| Instructions to follow |
Under this line sits a listing. Repeat exactly and only its lines from the one holding "Với sự đồng" through the one holding "73660980 alte Postkarte"; skip pictures.

| Data to use |
○ ○ ○ ○ ○ ○ ○

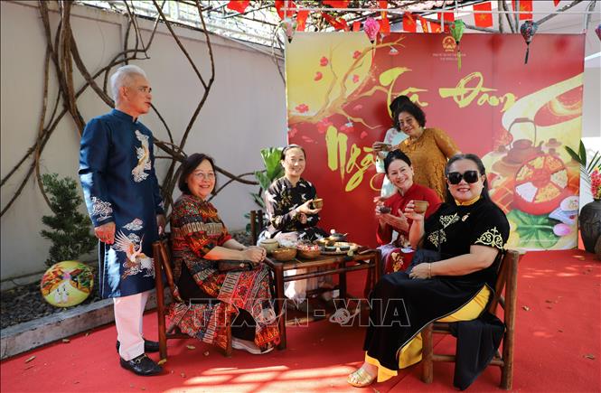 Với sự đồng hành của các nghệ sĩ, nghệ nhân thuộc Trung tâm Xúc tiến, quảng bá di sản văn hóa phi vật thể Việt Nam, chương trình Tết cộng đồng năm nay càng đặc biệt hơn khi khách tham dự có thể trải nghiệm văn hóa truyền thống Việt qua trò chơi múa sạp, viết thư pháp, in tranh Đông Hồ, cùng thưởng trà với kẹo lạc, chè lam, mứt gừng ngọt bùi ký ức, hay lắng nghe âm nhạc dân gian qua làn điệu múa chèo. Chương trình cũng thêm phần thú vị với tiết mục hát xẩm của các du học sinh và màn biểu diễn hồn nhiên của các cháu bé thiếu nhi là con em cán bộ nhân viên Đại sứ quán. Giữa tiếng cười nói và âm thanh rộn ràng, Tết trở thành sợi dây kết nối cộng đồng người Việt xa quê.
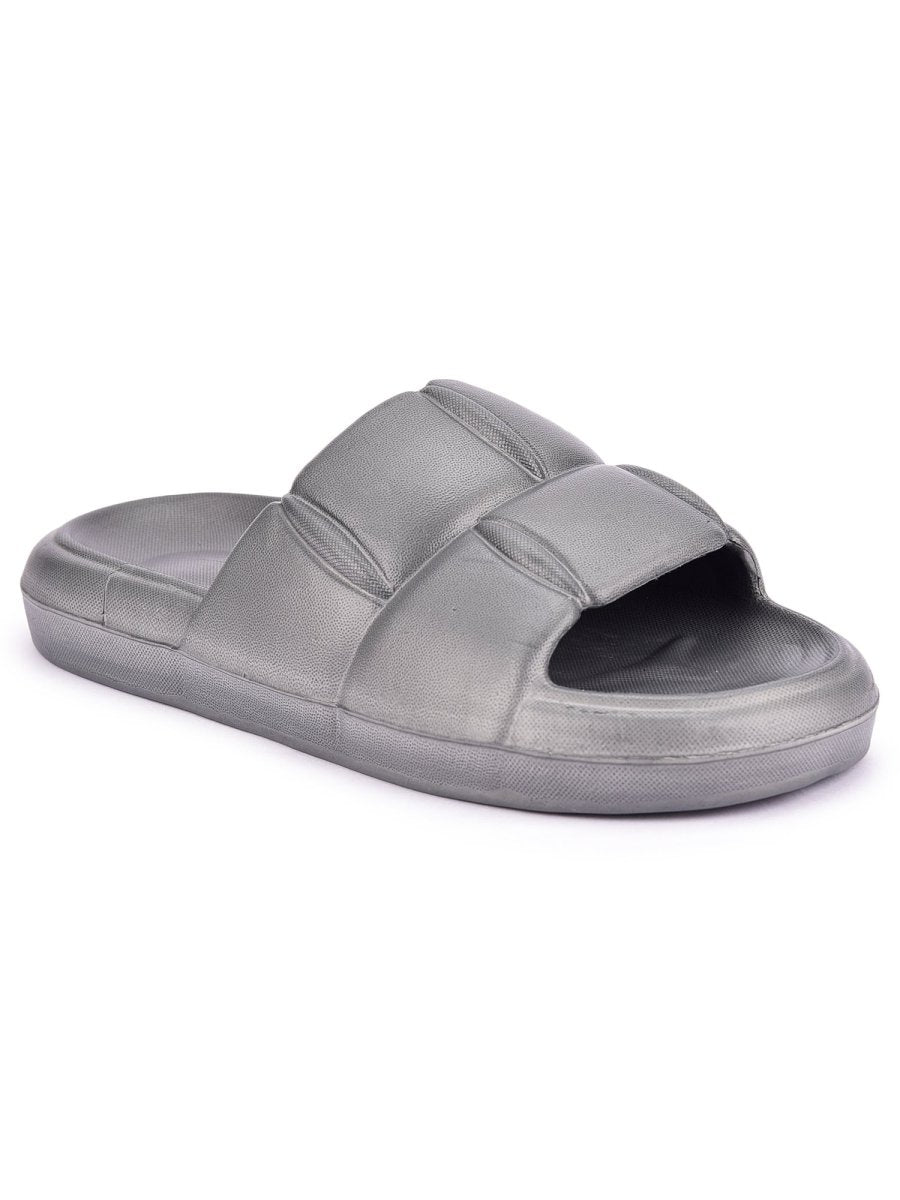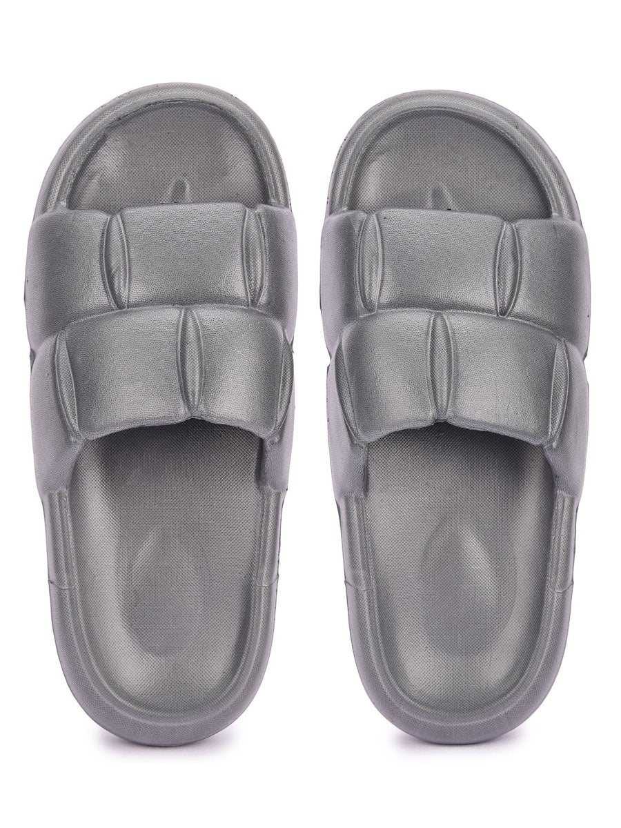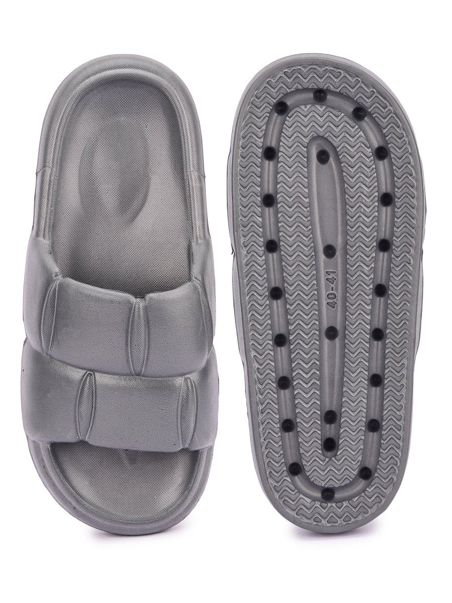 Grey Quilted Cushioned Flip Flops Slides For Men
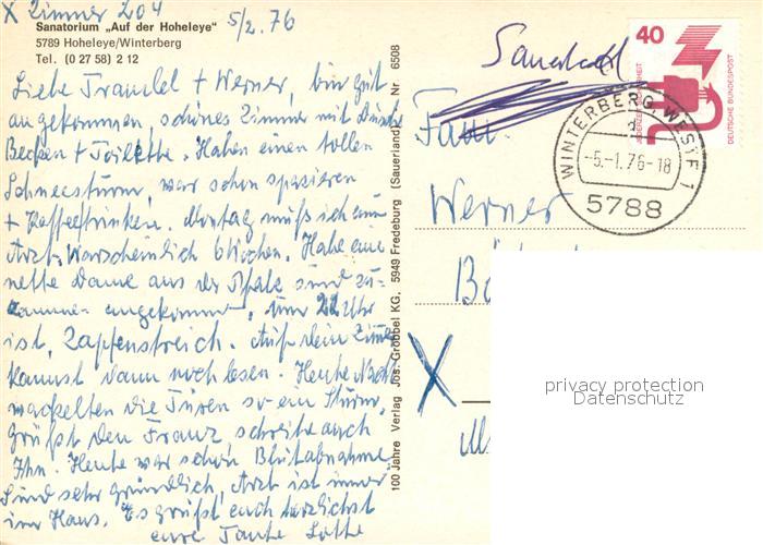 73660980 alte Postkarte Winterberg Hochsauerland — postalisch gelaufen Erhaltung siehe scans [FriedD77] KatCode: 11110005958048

○ ○ ○ ○ ○ ○ ○

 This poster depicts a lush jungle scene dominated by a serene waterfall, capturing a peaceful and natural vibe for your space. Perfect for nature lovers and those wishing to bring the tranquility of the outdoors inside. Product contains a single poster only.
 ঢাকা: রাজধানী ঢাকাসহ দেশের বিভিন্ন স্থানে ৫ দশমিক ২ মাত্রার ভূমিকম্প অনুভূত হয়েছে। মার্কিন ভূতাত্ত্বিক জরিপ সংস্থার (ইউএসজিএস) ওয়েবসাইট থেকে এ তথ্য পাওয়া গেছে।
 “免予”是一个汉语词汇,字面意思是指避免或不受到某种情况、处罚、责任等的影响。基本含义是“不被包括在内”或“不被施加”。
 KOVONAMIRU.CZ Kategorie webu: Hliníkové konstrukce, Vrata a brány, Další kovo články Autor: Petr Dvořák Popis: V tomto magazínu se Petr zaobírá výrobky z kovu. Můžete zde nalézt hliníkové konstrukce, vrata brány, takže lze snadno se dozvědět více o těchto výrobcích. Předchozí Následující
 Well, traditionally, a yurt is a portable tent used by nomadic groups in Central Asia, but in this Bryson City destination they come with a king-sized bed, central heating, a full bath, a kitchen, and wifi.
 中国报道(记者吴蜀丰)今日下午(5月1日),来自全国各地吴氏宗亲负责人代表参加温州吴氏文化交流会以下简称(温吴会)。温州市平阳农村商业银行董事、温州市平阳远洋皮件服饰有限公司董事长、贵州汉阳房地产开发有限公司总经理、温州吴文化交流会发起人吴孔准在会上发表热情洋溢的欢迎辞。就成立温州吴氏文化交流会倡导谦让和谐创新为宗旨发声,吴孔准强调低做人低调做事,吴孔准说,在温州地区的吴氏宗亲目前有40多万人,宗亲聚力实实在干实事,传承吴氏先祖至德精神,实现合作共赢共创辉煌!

○ ○ ○ ○ ○ ○ ○

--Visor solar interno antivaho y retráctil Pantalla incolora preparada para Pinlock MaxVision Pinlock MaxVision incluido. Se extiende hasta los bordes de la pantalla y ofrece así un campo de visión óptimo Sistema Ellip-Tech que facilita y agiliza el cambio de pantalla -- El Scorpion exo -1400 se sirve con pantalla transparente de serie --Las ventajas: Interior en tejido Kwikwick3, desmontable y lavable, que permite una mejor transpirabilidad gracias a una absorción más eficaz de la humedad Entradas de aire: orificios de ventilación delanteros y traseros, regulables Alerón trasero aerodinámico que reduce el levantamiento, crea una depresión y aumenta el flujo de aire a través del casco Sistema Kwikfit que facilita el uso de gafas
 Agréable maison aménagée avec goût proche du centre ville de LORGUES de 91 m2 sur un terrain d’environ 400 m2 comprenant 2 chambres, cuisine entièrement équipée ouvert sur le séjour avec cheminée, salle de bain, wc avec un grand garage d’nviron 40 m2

○ ○ ○ ○ ○ ○ ○

| Result for this task |
 Với sự đồng hành của các nghệ sĩ, nghệ nhân thuộc Trung tâm Xúc tiến, quảng bá di sản văn hóa phi vật thể Việt Nam, chương trình Tết cộng đồng năm nay càng đặc biệt hơn khi khách tham dự có thể trải nghiệm văn hóa truyền thống Việt qua trò chơi múa sạp, viết thư pháp, in tranh Đông Hồ, cùng thưởng trà với kẹo lạc, chè lam, mứt gừng ngọt bùi ký ức, hay lắng nghe âm nhạc dân gian qua làn điệu múa chèo. Chương trình cũng thêm phần thú vị với tiết mục hát xẩm của các du học sinh và màn biểu diễn hồn nhiên của các cháu bé thiếu nhi là con em cán bộ nhân viên Đại sứ quán. Giữa tiếng cười nói và âm thanh rộn ràng, Tết trở thành sợi dây kết nối cộng đồng người Việt xa quê.
 Grey Quilted Cushioned Flip Flops Slides For Men
 73660980 alte Postkarte Winterberg Hochsauerland — postalisch gelaufen Erhaltung siehe scans [FriedD77] KatCode: 11110005958048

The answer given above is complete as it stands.